Either a list of multiply imputed datasets (each of them a dataframe), or an object of class ‘amelia’ created by Amelia II, or a single dataframe.

method

A character string specifying the model selection or model averaging technique: "criterion.average" for model averaging based on exponential AIC or BIC weights, "criterion.selection" for stepwise variable selection based on AIC or BIC or cross validation, "MMA" for Mallow's model averaging (only linear model), and "LASSO/LAE" for shrinkage estimation and averaging with LASSO (only linear model).

criterion

A character string specifying the model selection criterion used for criterion-based model selection/averaging; currently either "AIC" for Akaike's Information Criterion, "BIC" for the Bayes criterion of Schwarz, "BIC+" for the Bayes criterion of Schwarz with quicker model averaging based on the leaps algorithm of the BMA package, CV for the cross validation error (based on the squared loss function), or GCV for generalized cross validation.

B

An integer indicating the number of bootstrap replications to use (when inference = "+bootstrapping" is chosen).

X.org

A dataframe consisting of the original unimputed data (which needs to be specified when inference = "+bootstrapping" is chosen).

inference

A character string, either "standard" for applying multiple imputation combining rules upon the model selection/averaging estimates or "+bootstrapping" if additional bootstrap based inference is required. See reference section for more information.

missing.data

A character string, typically "imputed" when multiply imputed data are provided under X, or "CC" if a complete case analysis is desired, or "none" if there is no missing data.

var.remove

Either a vector of character strings or integers, specifying the variables or columns which are part of the data but not to be considered in the model selection/averaging procedure.

user.weights

A weight vector that is relevant to the analysis model.

candidate.models

A character string specifying whether for criterion based model selection/averaging all possible candidate models should be considered ("all"), or only candidate models with a limited amount of variables ("restricted","very restricted").

model.family

A character string specifying the model family, either "gaussian" for linear regression models, "binomial" for logistic regression models, "poisson" for Poisson regression models, or "coxph" for Cox's proportional hazards models.

add.factor

Either a vector of character strings or integers, specifying the variables which should be treated as categorical/factors in the analysis. Variables which are already defined to be factors in the data are detected automatically and do not necessarily need to be specified with this option.

add.interaction

A list of vectors of either character strings or integers, specifying the variables which should be added as interactions in the analysis model.

add.transformation

A vector of character strings, specifying transformations of variables which should be added to the analysis models.

ycol

A vector or integer specifying the variable(s) or column(s) which should be treated as outcome variable.

CI

A value greater than 0 and less than 1 specifying the confidence of the confidence interval.

kfold

An integer specifying kfold cross validation; to be used when applying shrinkage estimation (method="LASSO/LAE") or criterion CV.

id

A character vector or integer specifying the variable or column to be used for a random intercept in the analysis model.

use.stratum

A character vector or integer specifying the variable used as a stratum in Cox regression analysis.

report.exp

A logical value specifying whether exponentiated coefficients should be reported or not.

print.time

A logical value specifying whether analysis time and anticipated estimation time for bootstrap estimation should be printed.

print.warnings

A logical value specifying whether warnings and any other output from the function should be printed or not.

...

Further arguments to be passed, i.e. for functions lae, dredge from the MuMIn package or bic.glm and bic.surv from the BMA package.

Details

Model selection/averaging will be performed on each imputed dataset. The results will be combined according to formulae (7)-(10) in Schomaker and Heumann (CSDA, 2014), see References below for more details. If inference="+bootstrapping" is chosen, then the procedure described in Table 1 will be performed in addition to standard MI inference. For longitudinal data (specified via id) the bootstrap is based on the subject/person/id level. To obtain insightful results from bootstrap estimation B should be large, at least B>200 and plot.mami may be used.

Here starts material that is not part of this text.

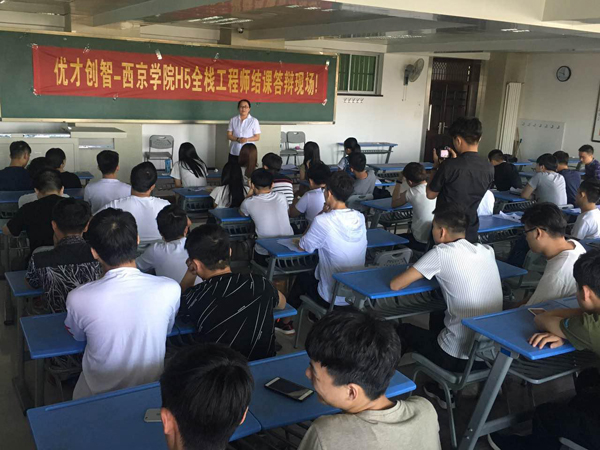 西京网讯:为了给学生提供一个将知识和理论相结合的机会,提升学生专业技术知识及相关基础知识,更好的提高学生的就业竞争力和综合能力。近期,机电技术系与优才创智科技联合举办了全栈工程师实训。机电技术系计算机教研室老师和优才创智科技资深工程师景永新、王加星等对计算机应用技术专业、计算机网络技术专业、移动通信技术专业2015级学生进行实训,并与26日进行了毕业答辩。

Note that a variable will be formally selected if it is selected (by means of either model selection or averaging) in at least one imputed set of data, but its overall impact will depend on how often it is chosen. As a result, effects of variables which are not supported throughout imputed datasets and candidate models will simply be less pronounced. Variable importance measures based on model averaging weights are calculated for each imputed dataset and will then be averaged.

If method="criterion.average" is chosen and the number of variables is large, then computation time might be a burden and obtaining results can even become unfeasible. The reason for this is that for criterion based model averaging the implementation of package MuMIn is used, which considers all possible candidate models, that is 2^p different candidate models for p parameters to estimate. If it is clear that only a subset of variables are relevant then the options candidate.models="restricted/very restricted" may be useful which essentially specifies that only up to a half/fourth of the provided variables can be added to a single candidate model. However, this option should be used with caution. Alternatively criterion="BIC+" can be used which utilizes efficient Bayesian Model Averaging based on the leaps algorithm of package "BMA". Also, one may consider a model selection or averaging strategy not implemented here and combine estimates "by hand" according to formulae (7)-(10) in the cited reference below.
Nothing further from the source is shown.